Entah dari siapa, yang pasti Andreas tengah menyelidiki kasus itu. Tidak menutup kemungkinan, orang terdekat dapat menjadi musuh.

"Apa pun yang kau tawarkan dan harga yang menyejukkan mata, sampai kapan pun aku tidak akan menjualnya, Alberto." Andreas melonggarkan dasi yang tiba-tiba merasa gerah. Merasa muak dengan tawaran yang tidak sama sekali membuat Andreas goyah. Baginya, jika masih bisa di pertahankan, dia tidak akan menjual apapun aset yang dia miliki.

Mendengar ucapan Andreas yang masih tidak membuahi hasil, membuat Alberto tersulut amarah di dada yang mulai membusung. Rahangnya mulai mengeras menaham geram terhadap Andreas. Tidak ada penolakan dalam hidup Alberto.  Ia selalu mendapatkan apa yang dia inginkan. Dan menghalalkan berbagai cara untuk mendapatkannya.

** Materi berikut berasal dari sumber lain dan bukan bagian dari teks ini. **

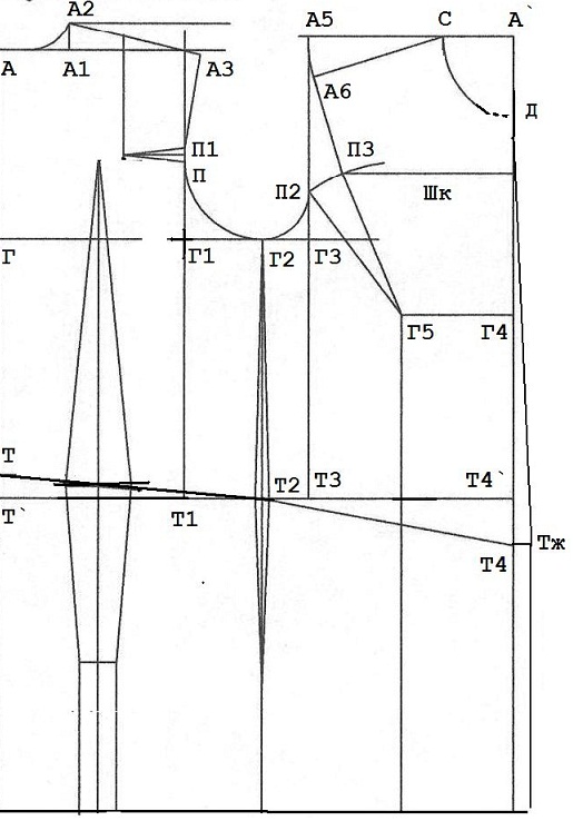 Татьяна Попова(СПб) Опубликовано 27 октября, 2009 Автор Поделиться #452 Опубликовано 27 октября, 2009 Гпр - 15,6Векса, это Вы брали Гл.пр. расчетную? Этого очень мало. Надо увеличить:Гл.пр.мод.=Гл.пр.расч. + (1...1.5)КЭто минимум.Можно для контроля промерить, например, Вб- высоту бочка- расстояние от талии до уровня подмышки.На чертеже из сообщения 465:Вб= Т2Г2Если что забыла поправьте.ДплВсе иксы и игреки. По заломам и прилеганию/свободе на разных участках можно предположить, что мерка Бхл должна быть больше, а Зх, возможно, меньше,....Расчеты (распишите подробно, подставляя значения):Sл= (Огж-От)/2=....S=(Об-От)/2=...и таблица стыковок:низ Рп Рб Рзверх Рпл Рбл Рзлразницакак Вы застегиваете облипочку? я пока четыре булавочки заколола чуть не задохнулась)Можно кнопочки пришить, например. ) Задние талиевые вытачки сделайте длиннее.Для этого полезна мерка Зул- высота лопаток относительно талии (аналогично Зу, только линейки перевернуть).При следующих фото- резинку на талию, плииииз. Преподаватель курса "Конструирование и моделирование одежды". Cканирование фигур. Построение выкроек в 3D. Моя страница ВК Ссылка на сообщение Поделиться на другие сайты Поделиться

Hanya kepada Andreas, dia masih mau berbicara baik-baik. Kenyataannya, lelaki itu sampai detik ini juga tidak mengubah keputusannya.

"Pikirkan baik-baik, Andreas. Jangan sampai keputusanmu salah. Dan ingat! Kesempatan itu tidak datang dua kali. Jangan menyia-nyiakan kesempatan baik yang aku tawarkan ini. Jangan sampai menyesal nantinya!!" kata Alberto. Mengeluarkan selembar cek kosong untuk diisi oleh Andreas berapa nominal angkanya. Meletakan kertas itu dimeja Andreas.

"Kertas ini masih kosong, kau tinggal tulis berapa yang kau inginkan." Lanjutnya. 

Andreas yang tidak bisa lagi bersahabat dengan amarahnya, ia beranjak dari kursi. Tangannya menelusup masuk ke saku celana bahan nan panjang, membaluti kaki jenjangnya. 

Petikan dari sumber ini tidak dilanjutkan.